**Dataset records**
--------------------------------------------------
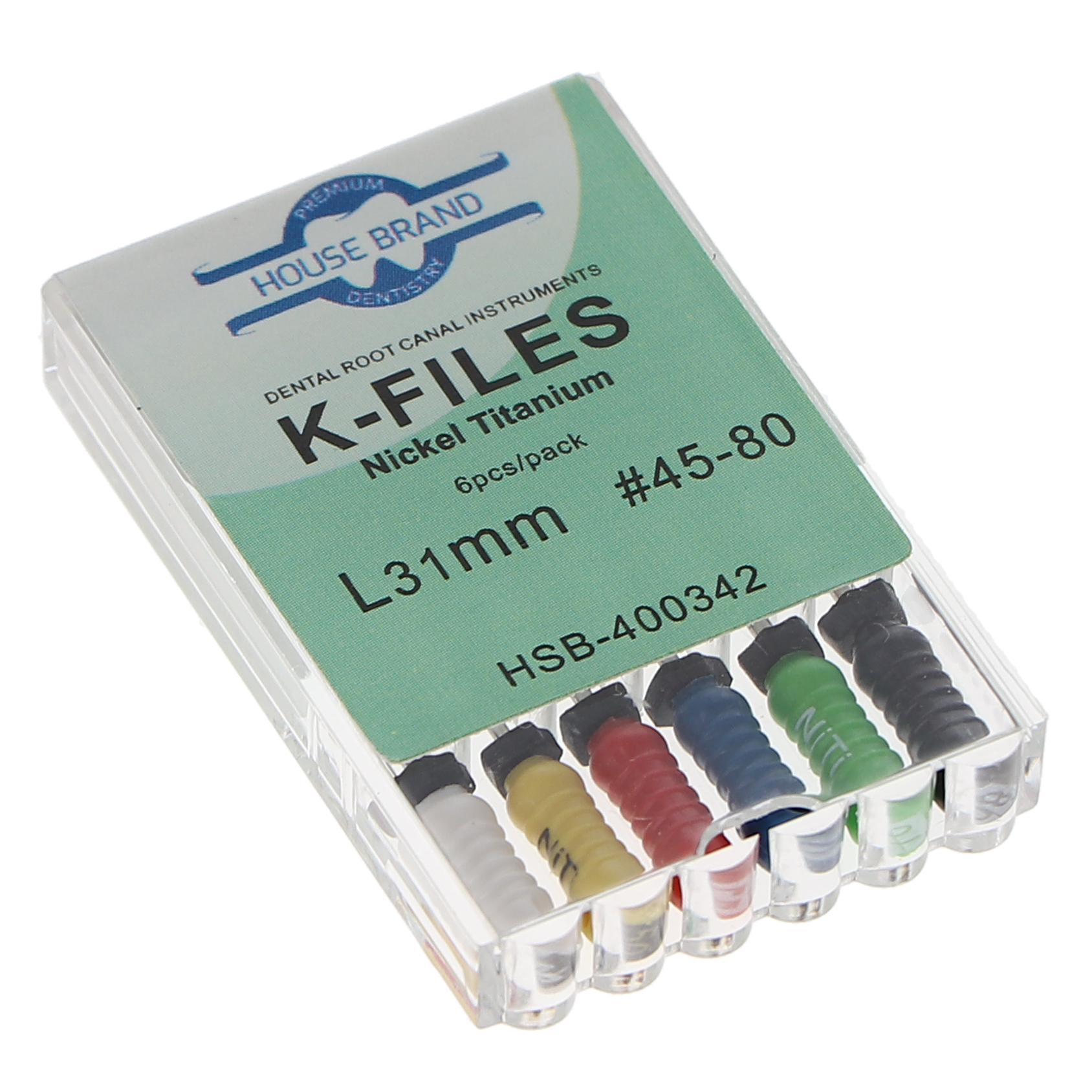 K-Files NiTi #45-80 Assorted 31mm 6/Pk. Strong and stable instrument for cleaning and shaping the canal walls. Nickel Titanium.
--------------------------------------------------
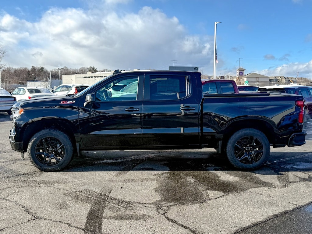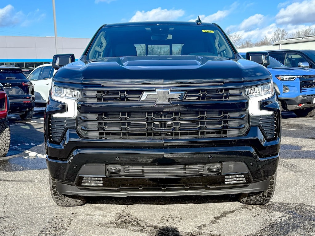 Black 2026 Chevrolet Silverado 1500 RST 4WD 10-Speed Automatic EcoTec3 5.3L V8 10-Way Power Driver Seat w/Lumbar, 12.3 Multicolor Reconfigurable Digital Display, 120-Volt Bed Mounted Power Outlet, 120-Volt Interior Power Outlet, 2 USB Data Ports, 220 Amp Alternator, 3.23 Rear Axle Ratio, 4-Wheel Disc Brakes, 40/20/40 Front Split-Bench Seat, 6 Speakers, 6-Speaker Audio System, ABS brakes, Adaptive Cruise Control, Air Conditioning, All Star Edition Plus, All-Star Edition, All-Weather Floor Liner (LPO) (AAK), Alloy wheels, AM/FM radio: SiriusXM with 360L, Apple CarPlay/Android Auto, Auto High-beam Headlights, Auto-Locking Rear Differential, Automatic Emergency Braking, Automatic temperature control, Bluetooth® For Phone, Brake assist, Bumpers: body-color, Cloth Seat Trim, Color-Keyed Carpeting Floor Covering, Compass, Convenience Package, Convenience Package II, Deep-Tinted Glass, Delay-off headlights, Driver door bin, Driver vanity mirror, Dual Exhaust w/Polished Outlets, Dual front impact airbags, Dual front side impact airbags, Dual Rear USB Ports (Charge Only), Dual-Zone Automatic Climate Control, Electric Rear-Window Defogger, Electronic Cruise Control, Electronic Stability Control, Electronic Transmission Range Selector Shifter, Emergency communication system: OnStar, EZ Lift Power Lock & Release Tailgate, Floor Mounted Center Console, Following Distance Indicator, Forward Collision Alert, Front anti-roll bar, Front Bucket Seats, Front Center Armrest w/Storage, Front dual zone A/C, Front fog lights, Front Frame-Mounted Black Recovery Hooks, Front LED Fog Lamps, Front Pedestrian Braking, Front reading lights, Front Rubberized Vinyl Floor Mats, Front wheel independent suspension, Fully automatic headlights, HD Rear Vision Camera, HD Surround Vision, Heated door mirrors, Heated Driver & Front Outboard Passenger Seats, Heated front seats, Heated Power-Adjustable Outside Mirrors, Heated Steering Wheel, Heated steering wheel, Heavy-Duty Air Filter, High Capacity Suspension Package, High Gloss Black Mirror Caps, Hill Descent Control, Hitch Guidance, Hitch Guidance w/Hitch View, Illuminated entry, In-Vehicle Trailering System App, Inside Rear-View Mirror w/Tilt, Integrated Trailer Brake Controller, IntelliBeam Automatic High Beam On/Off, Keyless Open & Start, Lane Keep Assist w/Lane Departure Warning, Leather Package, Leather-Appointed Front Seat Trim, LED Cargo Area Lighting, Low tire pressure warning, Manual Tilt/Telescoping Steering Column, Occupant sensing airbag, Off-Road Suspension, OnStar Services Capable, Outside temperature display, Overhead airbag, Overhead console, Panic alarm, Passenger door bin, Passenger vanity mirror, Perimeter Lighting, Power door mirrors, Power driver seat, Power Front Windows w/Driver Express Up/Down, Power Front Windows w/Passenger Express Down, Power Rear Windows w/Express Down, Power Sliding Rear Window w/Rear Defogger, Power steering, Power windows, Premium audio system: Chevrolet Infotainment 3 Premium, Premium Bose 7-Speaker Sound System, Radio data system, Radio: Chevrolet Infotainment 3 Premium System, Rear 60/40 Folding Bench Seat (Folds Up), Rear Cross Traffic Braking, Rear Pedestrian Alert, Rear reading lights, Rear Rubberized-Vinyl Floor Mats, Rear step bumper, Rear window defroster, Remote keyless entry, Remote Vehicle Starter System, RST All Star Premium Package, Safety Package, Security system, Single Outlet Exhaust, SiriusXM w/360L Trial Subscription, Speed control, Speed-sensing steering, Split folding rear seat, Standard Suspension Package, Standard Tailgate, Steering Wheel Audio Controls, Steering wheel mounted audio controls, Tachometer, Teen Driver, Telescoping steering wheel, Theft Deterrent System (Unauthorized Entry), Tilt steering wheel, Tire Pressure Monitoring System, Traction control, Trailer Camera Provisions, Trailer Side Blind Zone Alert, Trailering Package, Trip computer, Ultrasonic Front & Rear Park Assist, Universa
--------------------------------------------------
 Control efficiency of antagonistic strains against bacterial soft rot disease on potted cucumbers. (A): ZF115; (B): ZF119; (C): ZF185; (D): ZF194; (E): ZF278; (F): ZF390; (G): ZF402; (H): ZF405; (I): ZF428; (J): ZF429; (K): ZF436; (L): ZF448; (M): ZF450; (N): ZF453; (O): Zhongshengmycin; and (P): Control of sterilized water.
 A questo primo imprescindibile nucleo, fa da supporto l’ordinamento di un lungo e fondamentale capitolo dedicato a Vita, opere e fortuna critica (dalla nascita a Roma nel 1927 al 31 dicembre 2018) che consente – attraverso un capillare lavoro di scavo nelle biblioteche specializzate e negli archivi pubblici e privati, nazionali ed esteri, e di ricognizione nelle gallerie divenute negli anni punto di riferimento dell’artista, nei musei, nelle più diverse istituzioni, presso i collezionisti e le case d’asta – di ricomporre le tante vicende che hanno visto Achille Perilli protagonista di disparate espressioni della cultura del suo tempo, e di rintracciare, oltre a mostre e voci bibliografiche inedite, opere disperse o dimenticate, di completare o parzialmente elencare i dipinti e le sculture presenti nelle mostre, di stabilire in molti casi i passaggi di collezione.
--------------------------------------------------
**The task**
Find where the line with "Control efficiency of" sits in the material above, then copy exactly from it through the line with "A questo primo". Add no other line.

**Response to the exercise**
 Control efficiency of antagonistic strains against bacterial soft rot disease on potted cucumbers. (A): ZF115; (B): ZF119; (C): ZF185; (D): ZF194; (E): ZF278; (F): ZF390; (G): ZF402; (H): ZF405; (I): ZF428; (J): ZF429; (K): ZF436; (L): ZF448; (M): ZF450; (N): ZF453; (O): Zhongshengmycin; and (P): Control of sterilized water.
 A questo primo imprescindibile nucleo, fa da supporto l’ordinamento di un lungo e fondamentale capitolo dedicato a Vita, opere e fortuna critica (dalla nascita a Roma nel 1927 al 31 dicembre 2018) che consente – attraverso un capillare lavoro di scavo nelle biblioteche specializzate e negli archivi pubblici e privati, nazionali ed esteri, e di ricognizione nelle gallerie divenute negli anni punto di riferimento dell’artista, nei musei, nelle più diverse istituzioni, presso i collezionisti e le case d’asta – di ricomporre le tante vicende che hanno visto Achille Perilli protagonista di disparate espressioni della cultura del suo tempo, e di rintracciare, oltre a mostre e voci bibliografiche inedite, opere disperse o dimenticate, di completare o parzialmente elencare i dipinti e le sculture presenti nelle mostre, di stabilire in molti casi i passaggi di collezione.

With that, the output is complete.